Traffic optimization: the road is for everyone
The challenges our society faces are becoming more and more concrete. We need to reduce CO2 and nitrogen emissions. We need to build 900,000 homes in our cities. We need to accommodate vulnerable road users better. And we need to encourage cycling and the use of public transport. And all these challenges are interrelated.
Ideally, we would like to meet these challenges with a data-driven approach. But what kind of data do we have? We are actually quite myopic when it comes to possibilities for improvement in traffic. Pedestrians, cyclists, wheelchair and walker users often don’t feature in measurements, and we are unable to distinguish between freight trucks and delivery vans.
A data-driven approach is a challenge. The underlying principle is that the road is for everyone and that everyone has the right to be seen and to receive information. Everyone deserves a smooth journey and safety.
Vanuit deze visie zijn we aan de slag gegaan in de Verenigde Staten. In San Francisco hadden we drie hoofddoelstellingen voor tien On the basis of this vision, we set to work in the United States. We had three main goals in respect of ten consecutive intersections on 3rd Street in San Francisco:
- Improve public transport and the efficiency of the Light Rail Vehicle (LRV);
- Improve pedestrian crossings, including for large groups;
- Ensure 1 and 2 have minimum impact on the flow of motorized traffic.

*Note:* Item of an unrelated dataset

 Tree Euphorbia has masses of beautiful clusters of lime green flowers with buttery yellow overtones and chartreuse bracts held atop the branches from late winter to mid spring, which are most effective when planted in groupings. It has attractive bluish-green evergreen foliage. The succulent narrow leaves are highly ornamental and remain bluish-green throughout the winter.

The City installed LiDAR sensors at the intersections to detect pedestrians, bipeds, personal vehicles, and freight vehicles. We complemented this information with LRV timetable data, fire department activation data, and data from our own FlowCube sensors (Visual AI) on people waiting on LRV platforms—including detection of wheelchair users. Thus, we created a ‘digital twin’ of the trajectory, which allowed us to realize our goals. LRV waiting time at a red light was reduced by as much as 73%!

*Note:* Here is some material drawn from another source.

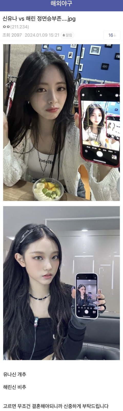 있지 유나vs뉴진스 해린 누가 더 이뻐?

The cities of Dublin and Marysville in Ohio were also interested. Dublin assigns a low priority to vehicles. Emergency vehicles have the highest priority, followed by buses, snowplows, bikes, and pedestrians etc. But this does not mean cars should be inconvenienced. We installed FlowCube sensors at the intersections in Dublin to be able to categorize road users, and we are using this data to control the traffic lights. This allows us to stimulate multimodal flows of road users and to optimize traffic flow.
The implementation of the real-time digital twin and the multimodal intersection and trajectory controller in Marysville and Dublin is currently in its final stage. We are analyzing the data collected and the functioning of the traffic light controllers. The responses we have had from these cities are positive: waiting times are going down. In addition, these cities can now more easily prioritize traffic differently, for instance during road works or events.

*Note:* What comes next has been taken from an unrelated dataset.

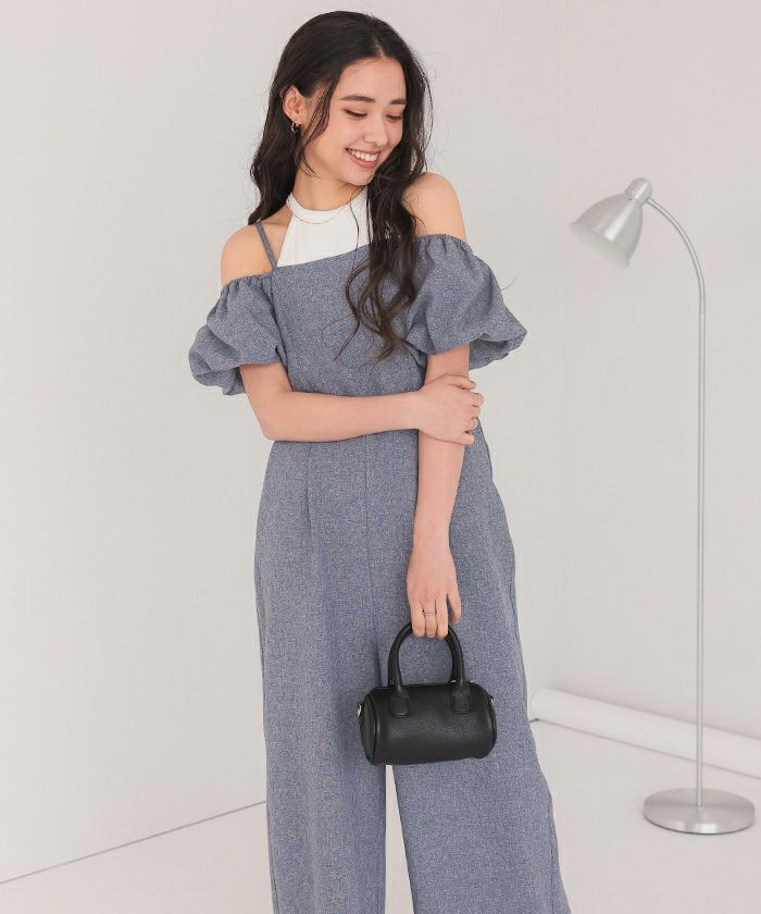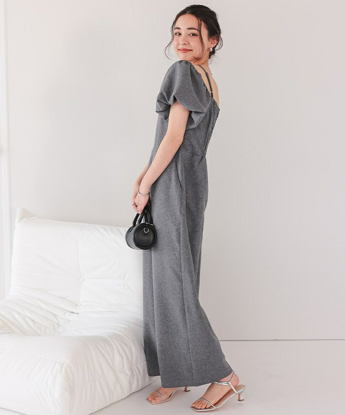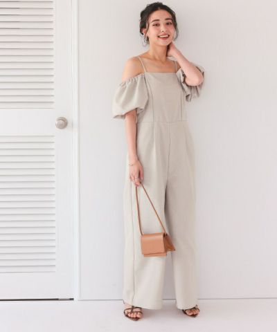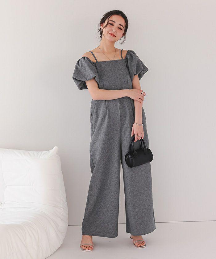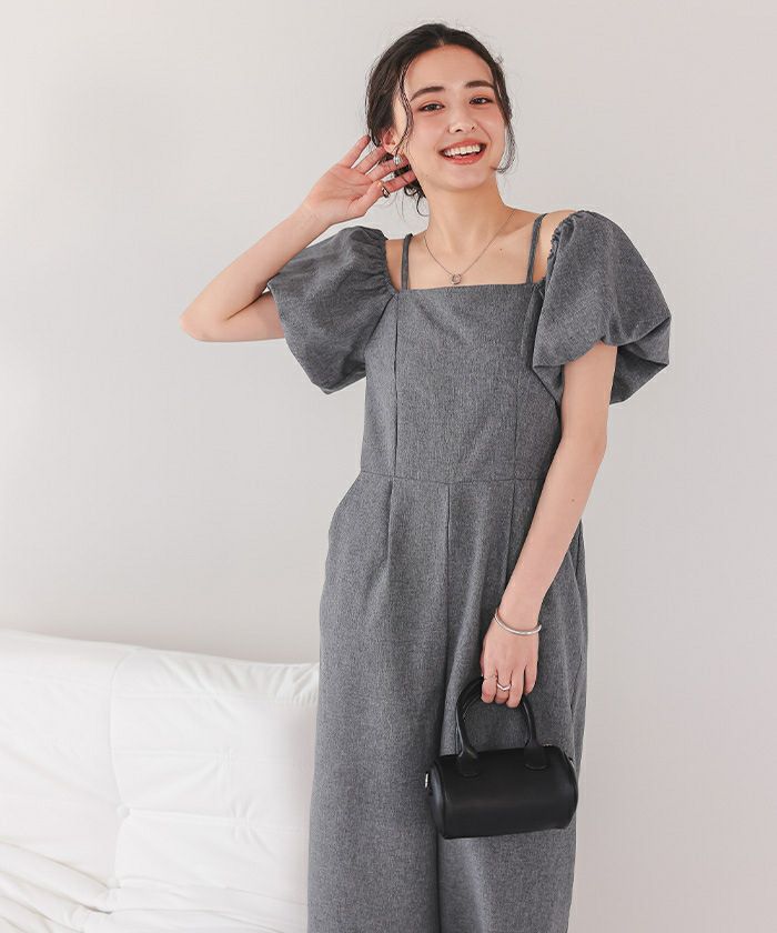 2wayオフショルパフスリーブオールインワン

This data-driven approach allows us to go beyond prioritization and optimization. Together with Goudappel, we are currently researching what can be further improved. For example, we are seeing ‘near misses’ in the data on intersections. These events negatively affect the feeling of safety of vulnerable road users such as parents with children, children, the elderly, and people with a disability. On the basis of this data, we are exploring, together with the City, what further improvements are possible, for example in the layout of intersections.
It pays to take a data-driven approach! But what about the cost? It’s not as expensive as you might think. We replace induction loops by a new sensor; use a central controller to replace signal plans and traffic management; and add a digital twin module. The result: a cost-neutral improvement with a great deal of potential!